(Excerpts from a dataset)
===

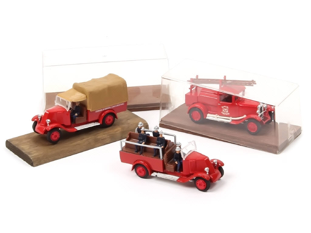MICAROLA (FRANCE) Ensemble de 3 camions français de pompiers rouge
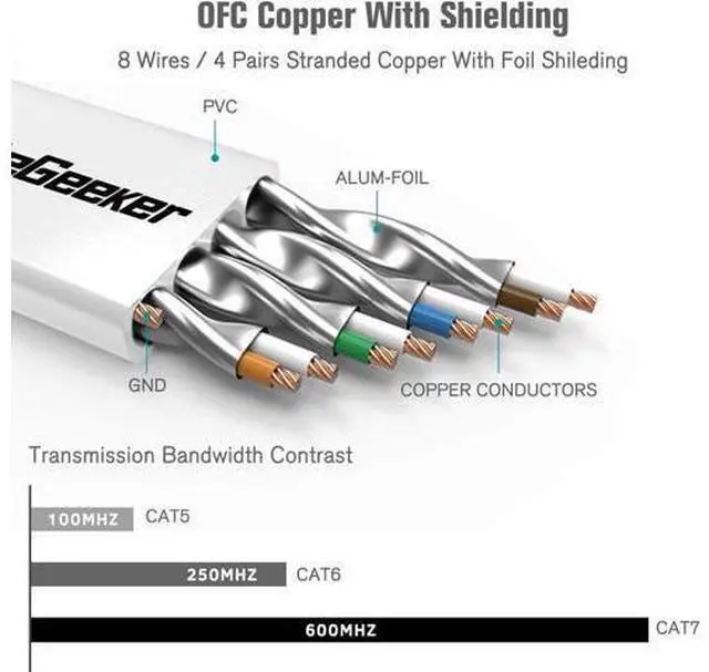 High Speed: Supports 600MHz high-speed data transfer for server applications, cloud storage, video chatting, high definition video streaming, and gaming. Cat7 cables are the best generation. High CompatibilityThe Class F channel and Cat7 cable are compatible with cat5, cat5e, and cat6. Class F has less cross-talk and system noise past than Class E thanks to intelligent shielding.
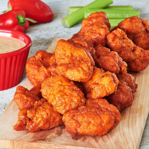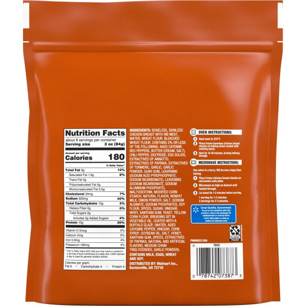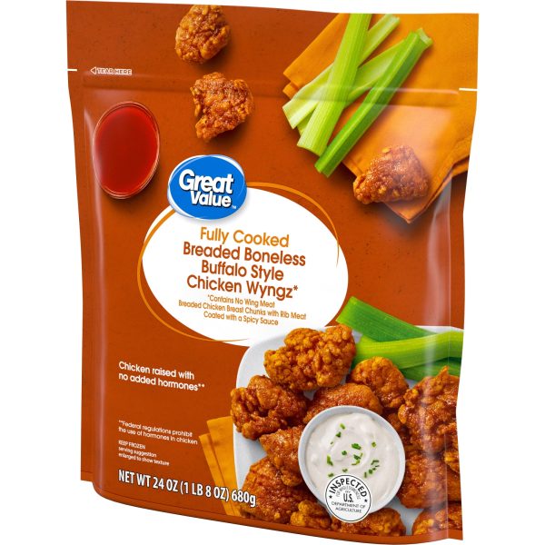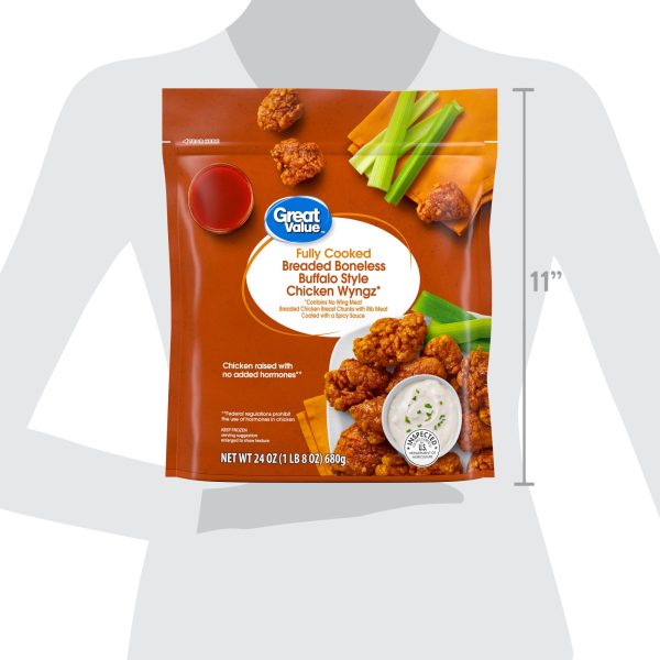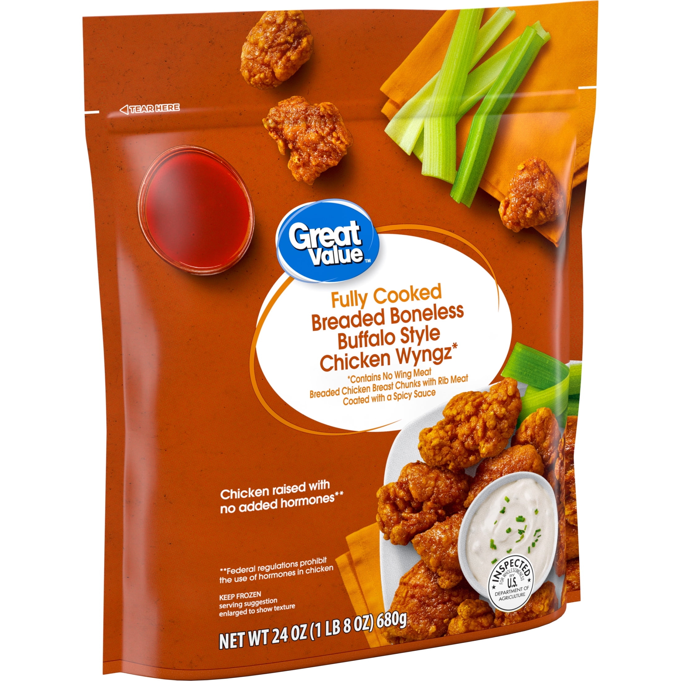 Impress family and friends alike at your next gathering with Great Value Buffalo Style Seasoned Boneless Fully Cooked Breaded Chicken Wyngz. These fully cooked chicken wings are a great tasting, quick, and convenient meal for the entire family. Breaded and covered in a spicy and savory buffalo style seasoning, these delicious chicken wings contain eleven grams of protein per serving. A perfect weekday meal with family or as an appetizer for a weekend gathering, these fully cooked frozen chicken wings are easy to prepare. Simply place in an oven, air fryer or microwave until hot. Includes one 24 ounce package of Great Value Buffalo Style Seasoned Boneless Fully Cooked Breaded Chicken Wyngz.
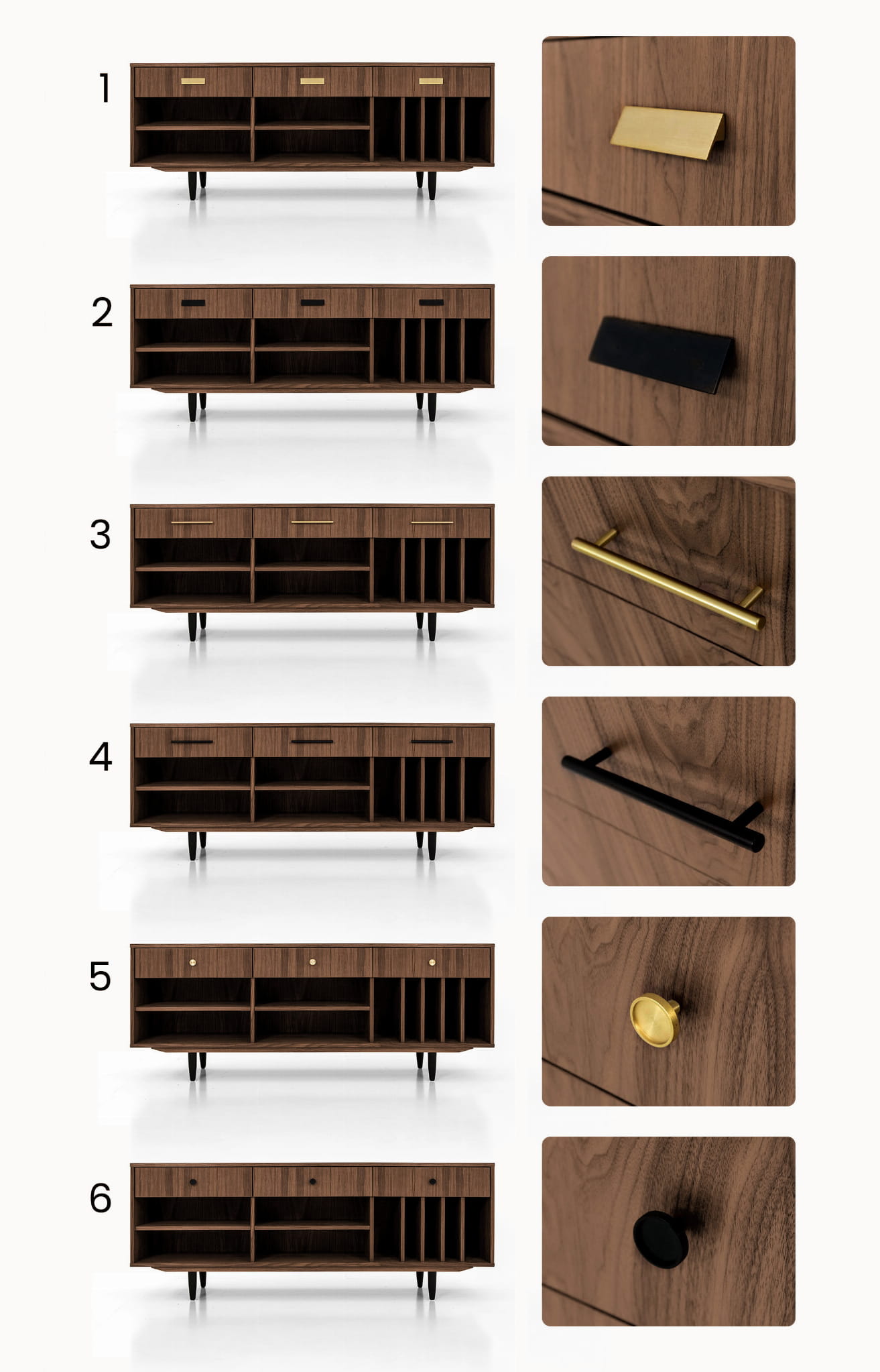 For this chest of drawers, you can select one of three types of legs. Each of them differs in height. All variants are shown in one of the photos.
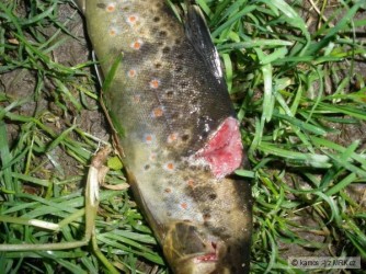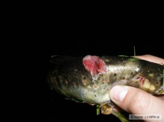 večer jsem si vyrazil na pstruhy při zvětšené vodě po povodni ryby předspané žížalami.jeden kuriozní úlovek pstruha cca 20 cm co měl 1 cm díru na sobě.
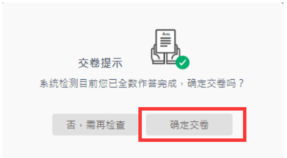 (5) 出現(xiàn)確定交卷頁面后,選擇確定交卷鈕,如圖12。
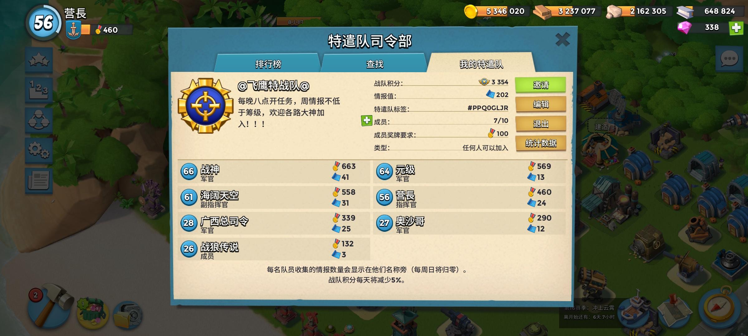 特遣队:织心 队伍人数:50人 副本等级:24钻石咽喉岛990 杯数限定:400杯 介绍:招收活跃的,即使满员了也会经常踢不活跃的,满了可以留言、私信约坑
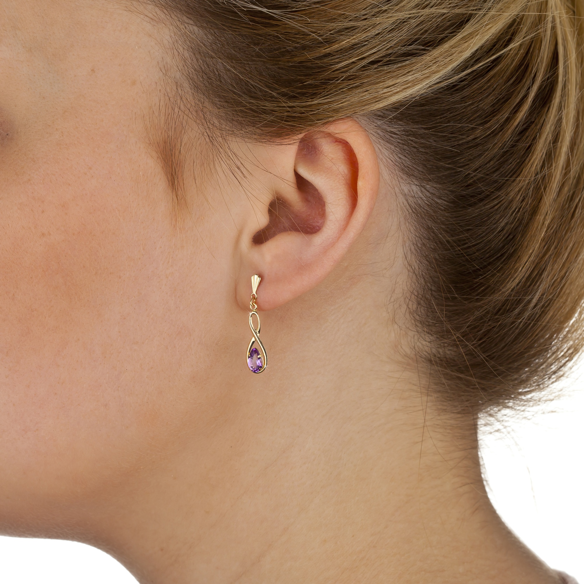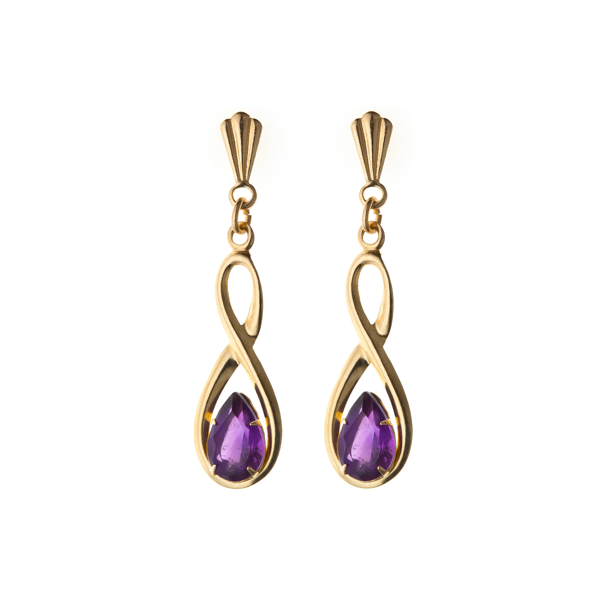 This beautiful pair of 'figure of 8' drop earrings is set with a delicate teardrop shaped amethyst stone to provide a sparkling finish to any outfit. Make a sophisticated statement with these earrings, whether dressing up for an evening out or adding some glamour to your work outfit, they will be the perfect finishing touch. Manufactured and hand-finished in the UK from 9ct yellow gold, these earrings measure 6mm x 25mm in diameter and fasten behind the ear with butterflies. The earrings come in a beautiful presentation box and would make an ideal gift for someone special.
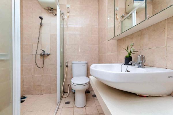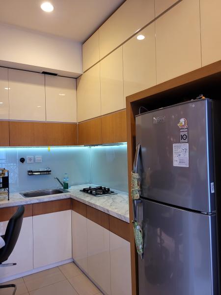 - Condition: Fully furnished. All rooms with air-conditioning, King Size 180 x 200 cm bed with pillows, bed sheets and bed cover, Medium size 100 x 200 cm bed with pillows bed sheets and bed cover, under-bed storage, reading light, computer working table, wardrobe cabinet in each room, modern bathroom, water heater Ariston, and washer with spin-drying machine. Kitchen with cabinet, large refrigerator, 2-burner gas Modena stove, Samsung Microwave, rice cooker, cooking utensils, eating utensils, cleaning tools, dining table with 4 chairs. 2-seater Sofa, TV cabinet, LED TV Samsung 32″, and cable TV.
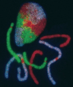 Because homologous chromosomes are virtually identical, they carry the same genes in the same relative positions. Thus, in diploids, each gene is present as a gene pair. However, notice in Figure 1-6 (shown) that, although the nucleus in a body (somatic) cell contains pairs of chromosomes, they are not physically paired in the sense of being next to each other. The chromosomes of the ruptured nucleus shown in the lower part of the image reveal no pairing. Notice also that the upper part of the image shows an intact nucleus from another cell, and here again, the chromosomes are clearly not in a paired state; for example, the members of the violet pair are at opposite ends of the nucleus. However, the physical pairing of homologs does take place in the nuclear division known as meiosis.
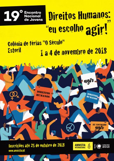 Agir pelos direitos humanos é o mote do 19º Encontro Nacional de Jovens que a Amnistia Internacional vai realizar de 1 a 4 de novembro de 2018, no Estoril. A iniciativa conta com o apoio da Câmara Municipal de Cascais no âmbito do programa Cascais 2018 – Capital Europeia da Juventude.
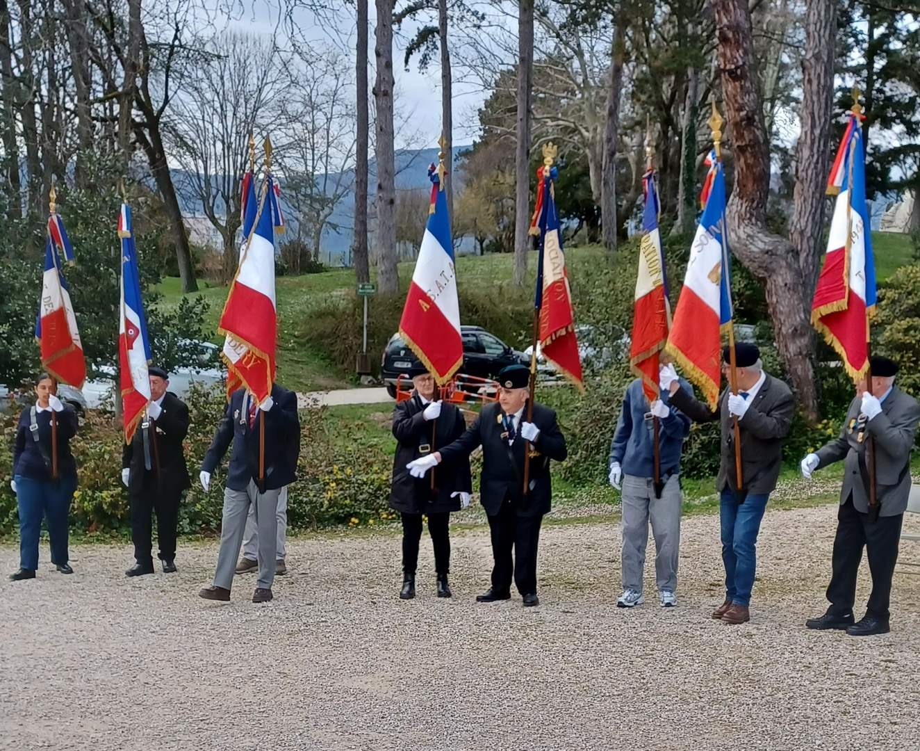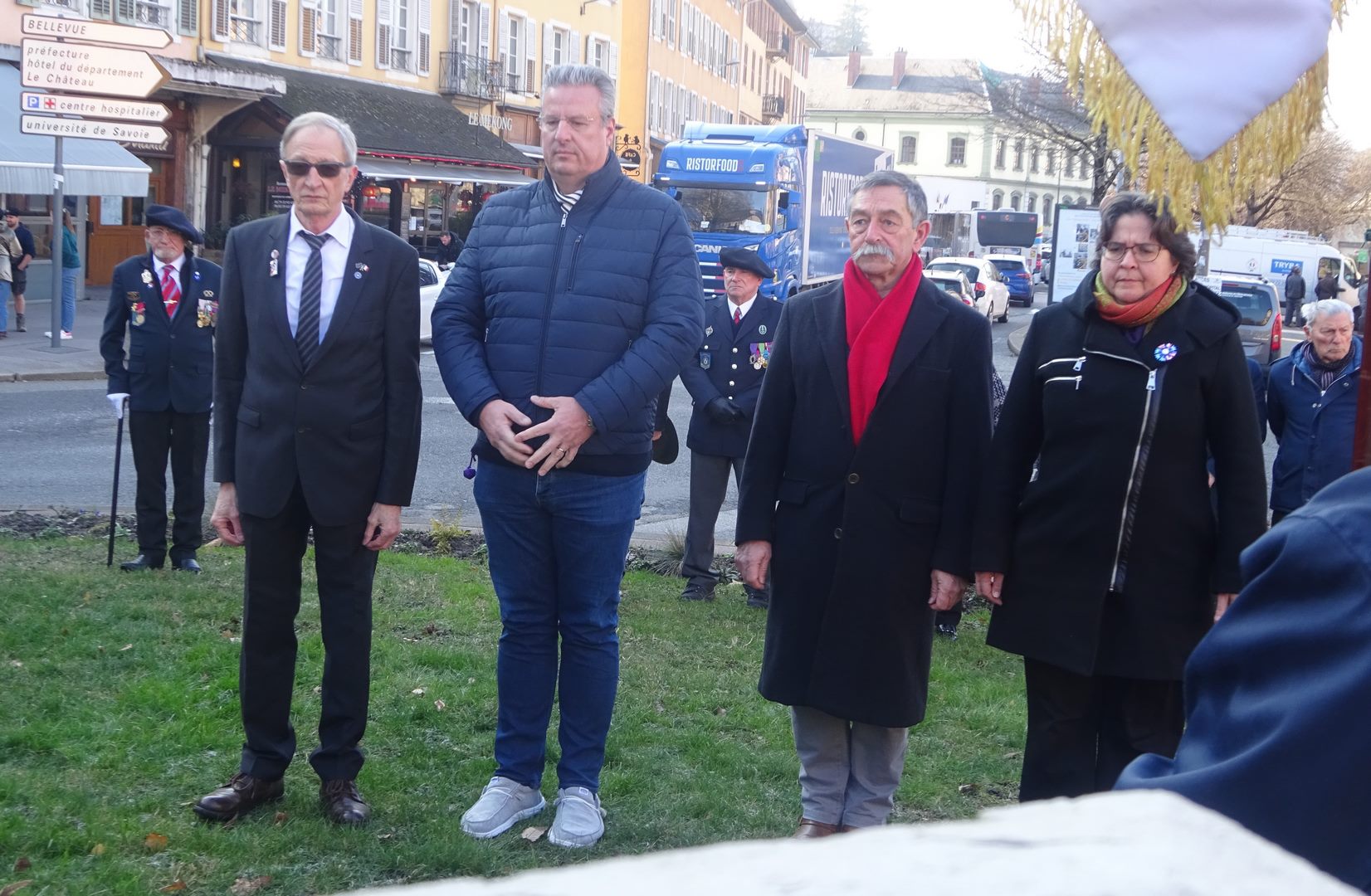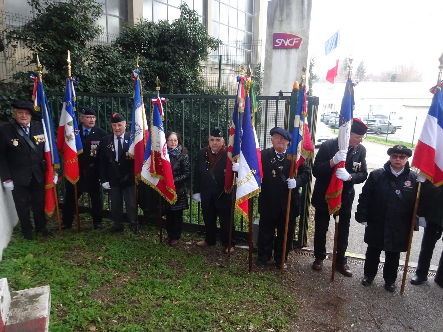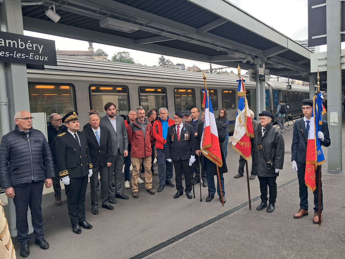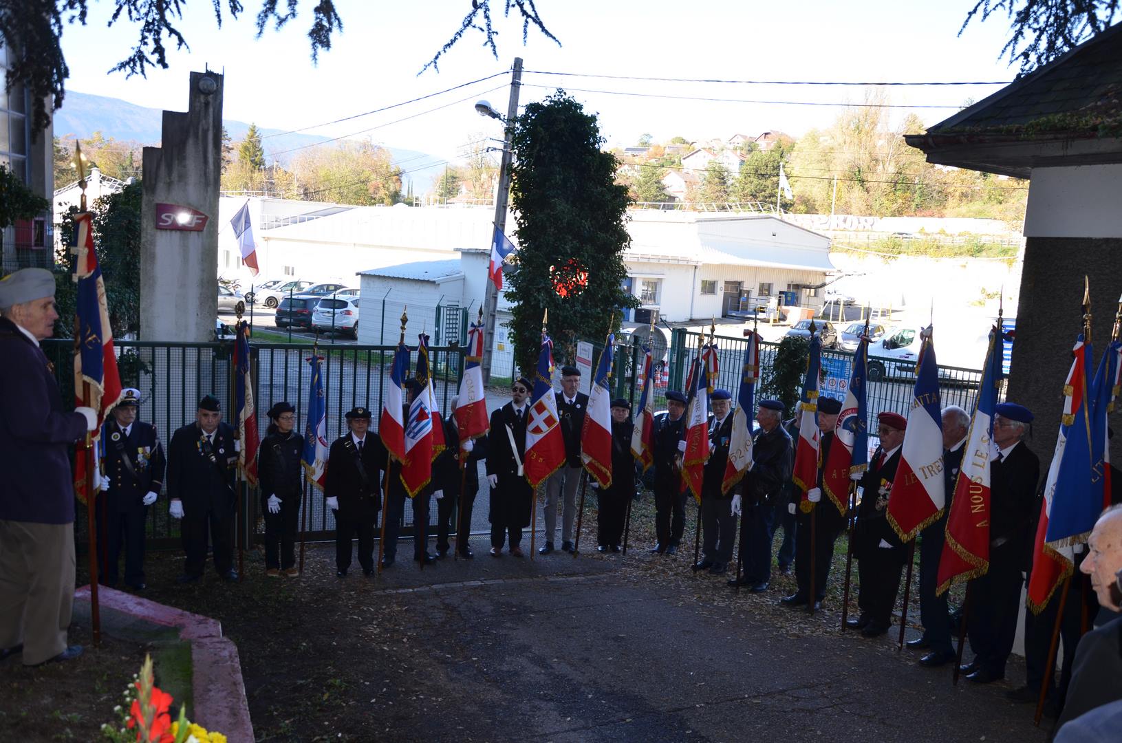 De nombreux porte-drapeaux étaient présents, entourant la délégation du Souvenir français, les présidents de comité, Chambéry, Combe de Savoie, de Henri Gottero président des anciens combattants cheminots de Savoie ainsi que des associations mémorielles.

===

DIRECTIONS FOR THIS TASK: Copy word for word the lines of the records above from the one with "For this chest" up to and including the one with "večer jsem si". Skip the pictures.

WRITTEN ANSWER:
 For this chest of drawers, you can select one of three types of legs. Each of them differs in height. All variants are shown in one of the photos.
 večer jsem si vyrazil na pstruhy při zvětšené vodě po povodni ryby předspané žížalami.jeden kuriozní úlovek pstruha cca 20 cm co měl 1 cm díru na sobě.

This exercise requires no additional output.